O português acentuou que os países em desenvolvimento necessitam acesso a financiamento previsível, sendo pelo menos 50% para "adaptação e resiliência", ou seja: como preparar-se para as mudanças climáticas e se recuperar de desastres. Guterres defende que a maior parte desses fundos seja concedida na forma de subsídios não reembolsáveis.

Dados recentes da OCDE mostram que apenas um quarto dos quase US$ 80 bilhões alocados em 2019 foi para adaptação, cabendo mais de dois terços à Ásia e África. O restante foi principalmente para medidas de mitigação, com o fim de reduzir emissões de gases de efeito estufa.

"As atividades de adaptação exigirão financiamento por subsídios, pois não vão gerar lucros", explica o porta-voz da GCF Wilson. "Eles são para proteger os cidadãos dos impactos devastadores das intempéries, ou da elevação do nível do mar causada pela mudança climática, ou de inundações e secas. E sempre será difícil fazer isso."

Antecipando a COP26, a NDC Partnership, com o apoio do governo da Alemanha, assistiu 67 países em atualizarem suas metas de longo prazo para redução de emissões, denominadas "contribuições determinadas nacionalmente" (NDC, na sigla em inglês).

Vieira, diretor da organização, registra uma substancial mudança de foco em direção à adaptação climática. No entanto, ressalva, o desafio de obter patrocíno para projetos de adaptação é maior, já que para os investidores em potencial não é fácil visualizar a meta final – em comparação com uma taxa específica de redução de emissões.

"Está claro que a maioria do financiamento global está indo para projetos de energia renovável, em vez de para a adaptação", reconhece Wilson, frisando ser mais fácil atrair investidores com projetos isolados de grande escala – como usinas fotovoltaicas, por exemplo, que têm lucro garantido – do que com medidas para planejar o combate aos amplos impactos da mudança climática sobre a saúde.

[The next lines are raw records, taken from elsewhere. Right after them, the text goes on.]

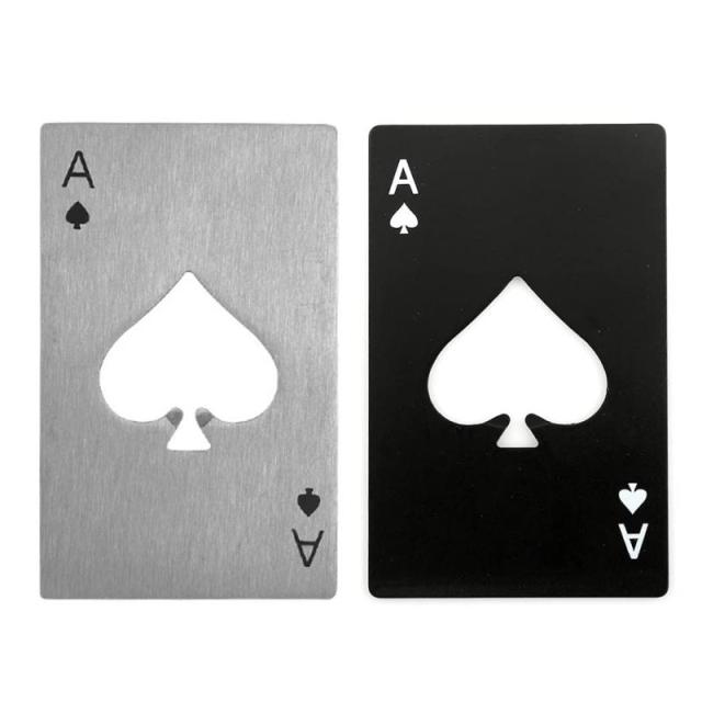 XSAJU 栓抜き おしゃれ トランプ 2枚セット スペード エース カード タイプ 瓶 蓋 オープナー ブラック シルバー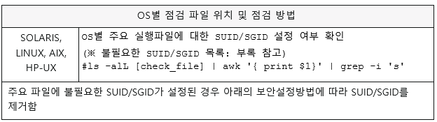 조치방법 | Step 1) 불필요한 SUID, SGID 파일 제거 Step 2) 아래의 목록 이외에 애플리케이션에서 생성한 파일이나, 사용자가 임의로 생성한 파일 등 의심스럽거나 특이한 파일의 발견 시 SUID 제거 필요 |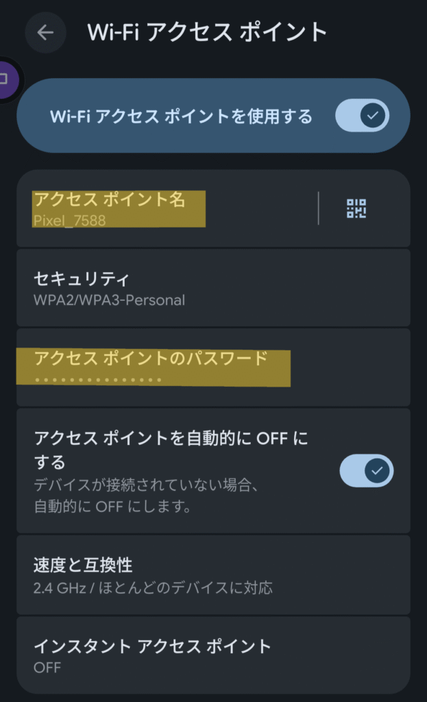 - 「Wi-Fiアクセスポイントを使用する」をONにします。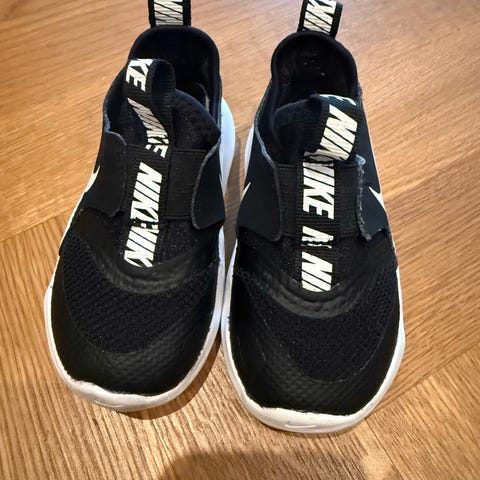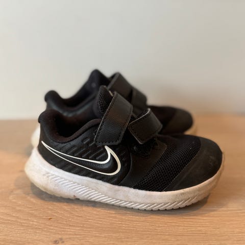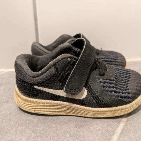 Nike joggesko for barn i størrelse 22. Modellen er unisex og kommer i grå farge med svarte Nike-detaljer. Skoene har to borrelåsstropper over vristen for enkel av- og påkledning. Overdelen er i tekstil og syntetisk materiale med polstret pløse og hælkant for komfort. Yttersålen er i gummi med mønster for grep. Passer til hverdagsbruk og lek for små barn.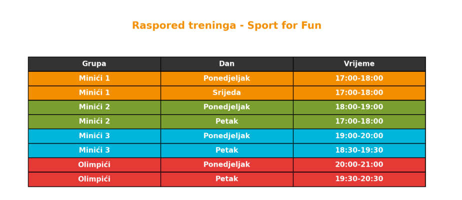Termine treninga možete pronaći u tablici. Djeca su raspoređena u grupe prema dobi.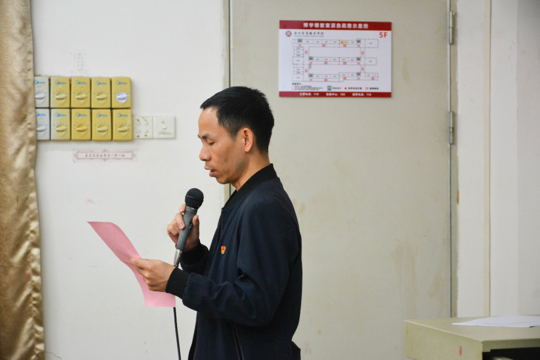 支部委员戴乐毅代表支部委员会宣读对全体发展对象的政治审查报告,报告显示全体发展对象思想品质良好,入党动机端正、入党材料、内容产全、手续完善、同意履行入党手续。
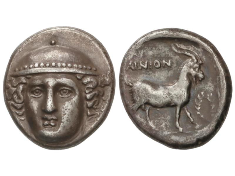 Tetradracma. 400-398 a.C. AINOS. Anv.: Cabeza de Hermes con pétaso de frente. Rev.: AINION. Cabra a derecha, delante corona de laurel. 15,43 grs. AR. Ligera pátina oscura. RARA. HGC 3.2-1278. MBC+/MBC. Ex Gorny & Mosch 100 - 20 noviembre 1999, n. 1017.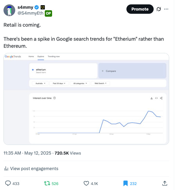 ETH shows signs of fresh retail investors searching the programmable money “Etherium” on Google: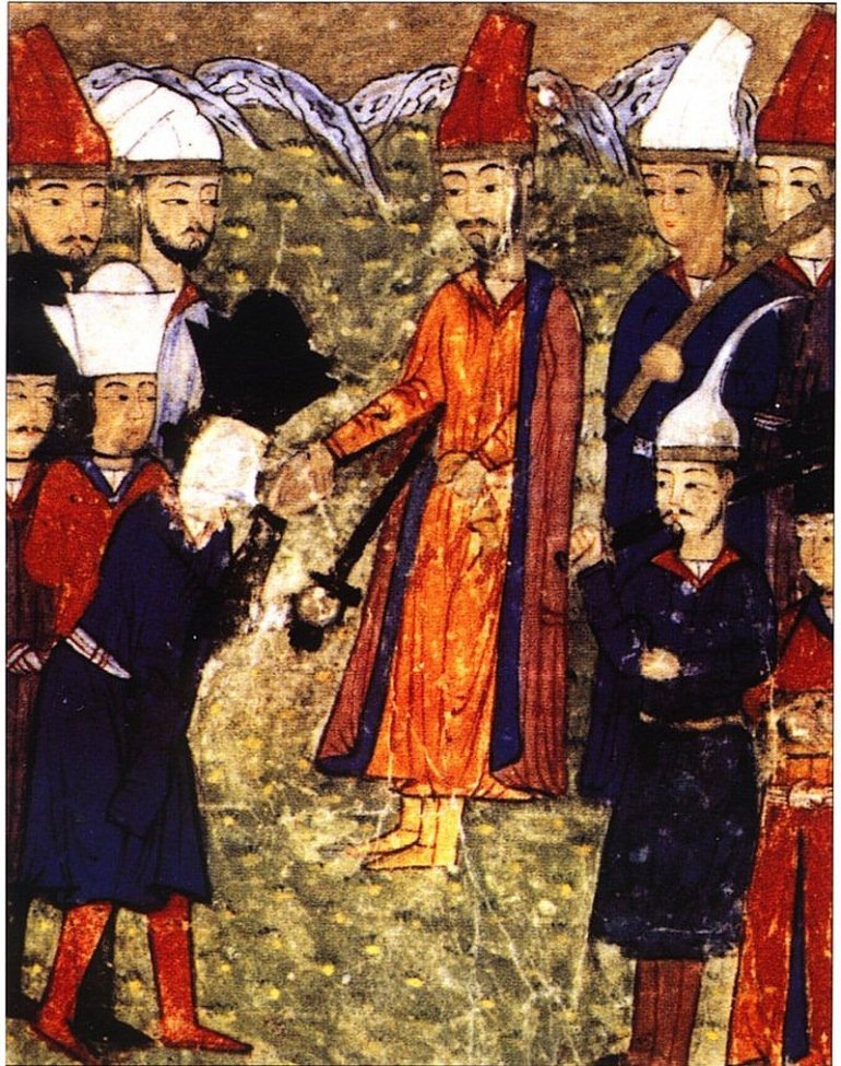 "Kad on (Murat han) uze i osvoji Rum (Vizantiju), njegove gospodare (begove) učini svojim robovima. Na kraju krajeva osvoji ga želja pokoriti i Laza, i zato nastade onde neophodna borba. Gebri (nevernici) i hrišćani što ih ima do Zapada (zemlje) dadoše Lazu vojske bez broja, da one vode rat sa Gazi Muratom, da telo njegovo pretvore u zemaljski npax. Gazi han zametnu tada s njima takav rat, da im zemaljska površina tesna posta. Kud pogledaš, na sve strane valjaše se glava, kud baciš okom, svud ležaše trup. Zemlja beše sva pokrita glavama i leševima (nagomilanih) u nekoliko redova. Po trupovima trčaše konj... Konjica i vojska ode goniti neprijatelja, a šah sa nekoliko slugu osta na jednom mestu. Stajao je onde, čim se vojske vrate da mogu opet onde naći svoga vođu. Pripovedaju, da je, okaljavši se od glave do pete u krvi, onde ležao i neki kaurin (nevernik). Kažu, da je bio sakriven među trupovima, ali je jasno mogao videti Gazi-hana. Kad nastupi gore određena sudbina, on usta najednom iz ležećeg položaja, i priskočivši udari šaha handžarom! I evo, udostojivši se (višnje) cpeće sultan u isti tren na tom mestu, bio je pobedonosan borac za veru, a posta, neosporno, i mučenik za nju!"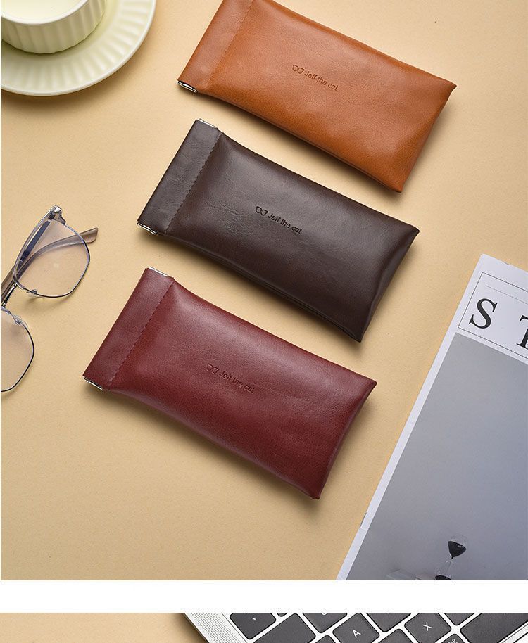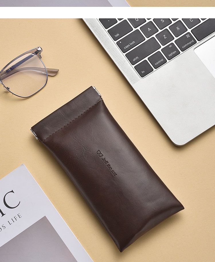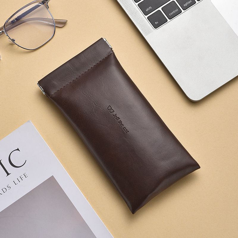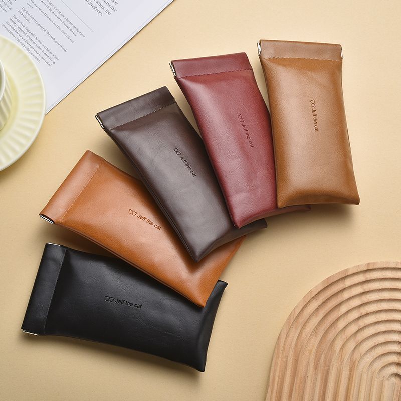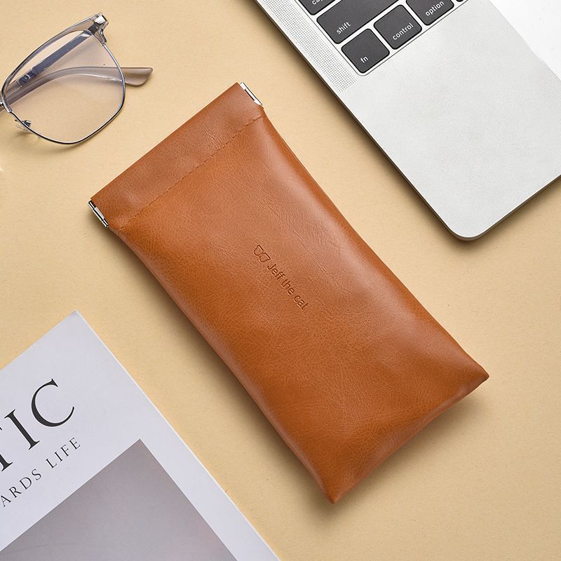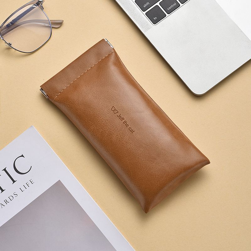 Self-closing glasses bag portable small fresh sunglasses leather handbag unisex glasses case elastic pocket
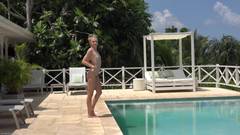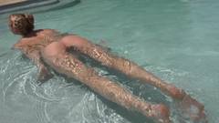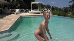 Uma jovem nua de cabelos loiros entra na piscina e nos mostra a bunda e a buceta depilada. Ela está perfeita!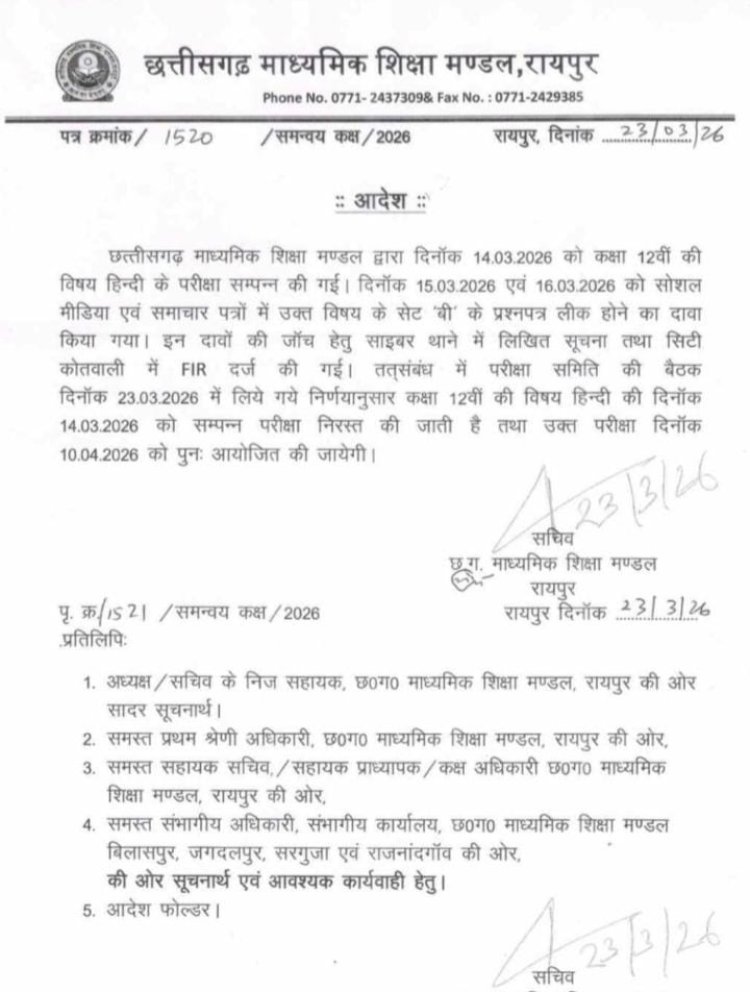 रायपुर। छत्तीसगढ़ माध्यमिक शिक्षा मंडल ने 12वीं हिंदी विषय की परीक्षा रद्द कर दी है। यह फैसला पेपर लीक की आशंका के चलते लिया गया है। अब यह परीक्षा 10 अप्रैल 2026 को दोबारा आयोजित की जाएगी।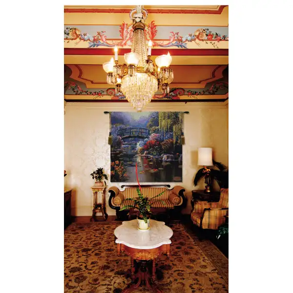 Giverny Pond is a jacquard woven tapestry depicting a beautiful landscape with a pond, weeping willow trees, various flora, and a classical bridge crossing. This is a stunning piece that holds the implication of romance between every woven thread. A fine addition to your home decor motif.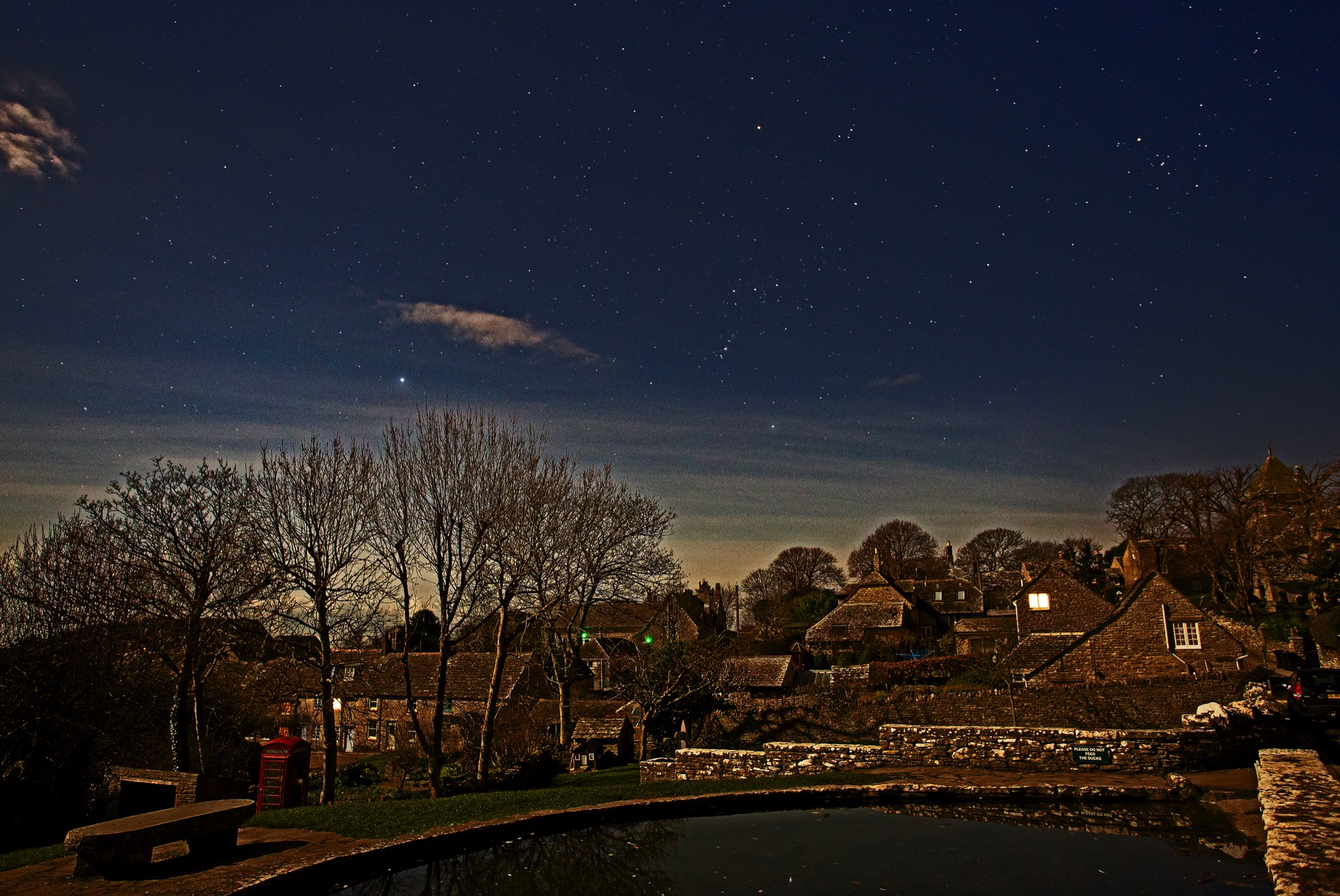Village pond at Worth Matravers illuminated by the rising full Moon. With Sirius ( brightest Star in the sky after our Sun )- Orion and Taurus .

Necessidade de abandonar combustíveis fósseis

Wilson, Vieira e Rojas estão cautelosamente otimistas quanto às iniciativas recentes do governo americano e outros líderes mundiais de incrementar seus compromissos de financiamento climático. No entanto, enfatizam, é preciso fazer muito mais, inclusive envolver o setor privado e facilitar o acesso a esses fundos para protagonistas menores, nos níveis regional e local.

Segundo Rojas, ainda há "um monte de trabalho" à frente, não só em termos de proporcionar o financiamento das medidas climáticas, mas também de assegurar que os governos e investidores deixem de apoiar os combustíveis fósseis.

"Ao se ver quanto mais dinheiro está fluindo para a ação climática, pode dar um pouco de esperança. Mas aí se vê quanto está indo para os combustíveis fósseis, para exploração e extração. Isso realmente precisa mudar, senão não estamos fazendo o que precisa ser feito."